Is it pretty much mandatory that you test every two months for the first year so that you are a Purple Belt by the end of year 1? Does this not depend on how often you attend class and train?

Jamie Seabrook
www.seabrook.gotkenpo.com


----------



## OC Kid (Sep 21, 2005)

Just enjoy it.
I know that sounds very simplistic but Its like when I bought my first house. The stress of it all, dealing with the seller, the realtors get involved dont tell ya anything then escrow and financing ect and not to mention moiuntains of paperwork you have to sign... I was all stressed out and my realtor told me...."Just enjoy it" I thought about it and he was right. It is a experiance. its all how you handle it.

First you have to ask yourself Why do you want to learn Kempo?
What are the benefits of that particular art?
Are you having fun?
Do you like the other students in the class and have good comeraderie?


It seems like your learning curve is very steep right now. But it will start to plateau.
That plateau is why most student quit and go on to another style or quit the arts all together. Because you will feel you are not learning anything new.

So my advice is to take your time enjoy it, have fun and learn all the good things that you chose that art for.

It will be soon enough when you reach the plateau and start thinking your not learning anything new..
Then Ill be telling you its time to slow down and learn to perfect the art.

Good luck.
We all been through this, its a normal reaction to a new experiance.


----------



## Sam (Sep 21, 2005)

I found the thread I made about a similar problem I was having, there's some good advice in it if you wanna take a look.
http://www.martialtalk.com/forum/showthread.php?t=22048


----------



## KenpoEMT (Sep 21, 2005)

Hey,

Good advice from everyone.

I understand the feeling of being overwhelmed.

You sound like a man that must have a certain amount of perfection in one thing before going onto another. Perhaps you are not comfortable learning what is new without having met your own standards with what you have previously learned. I don't know if that is accurate or not; it is what I get from your posts. Your personal standard may be incredibly high. That's not a bad thing at all.

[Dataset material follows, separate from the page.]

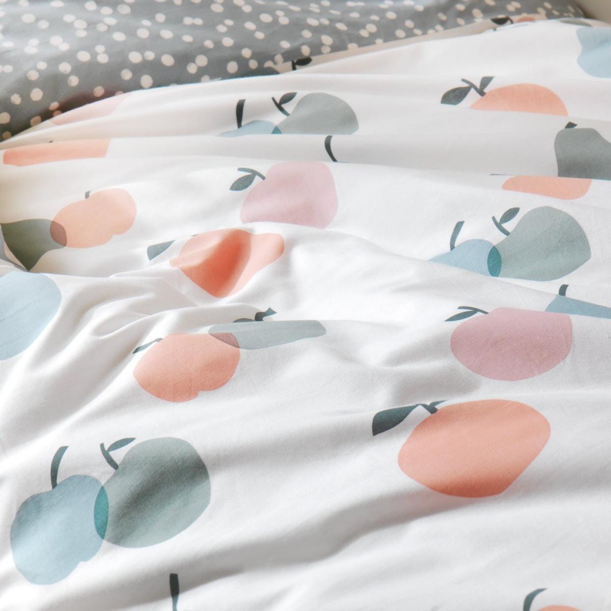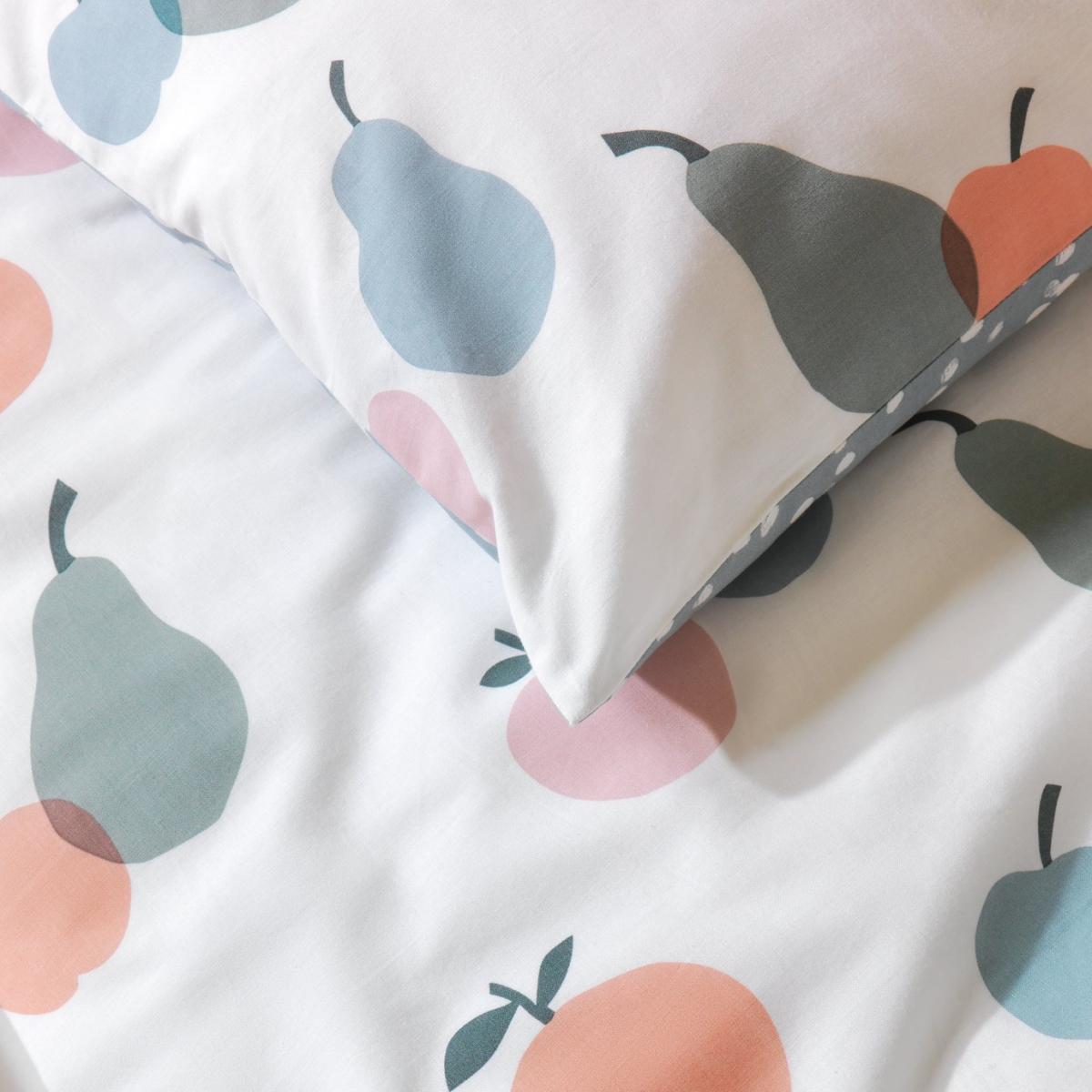 Up the apples and pears to bed. Our charming duvet set will have them all set for the sweetest of dreams. Made from 100% cotton, this easy-care bedding, with its fun, fruity finish is practical and playful. Fancy a change? Just flip over for a cute, coordinated look in a ditsy dot print. Blissful bedroom here we come.

Maybe being taught so many new techniques before you have had the chance to bring the previous ones up to your standards is a little frustrating. I don't know.

If that is the kind of person you are, perhaps the most important thing that you can do is to begin researching Master Key Movements. Plug it into the search function here at MT.

Perhaps by mentally shattering the illusion that surrounds the techniques, you could focus all of your efforts on the few universal movements that are combined to make the technique.

By mastering the few, you master the many. By understanding how these handful of movements work together in various ways in order to accomplish various affects may be the most beneficial action you can undertake.

It has changed the way that I look at techniques, and limited some of the burden of the monsterous technique list. It is not a topic that is very advanced. It just requires an alteration of perspective and some experimentation.

Anyway, good luck to you.


----------



## Jonathan Randall (Sep 21, 2005)

Rick Wade said:
			
		

> Great reply Sam rep points coming your way.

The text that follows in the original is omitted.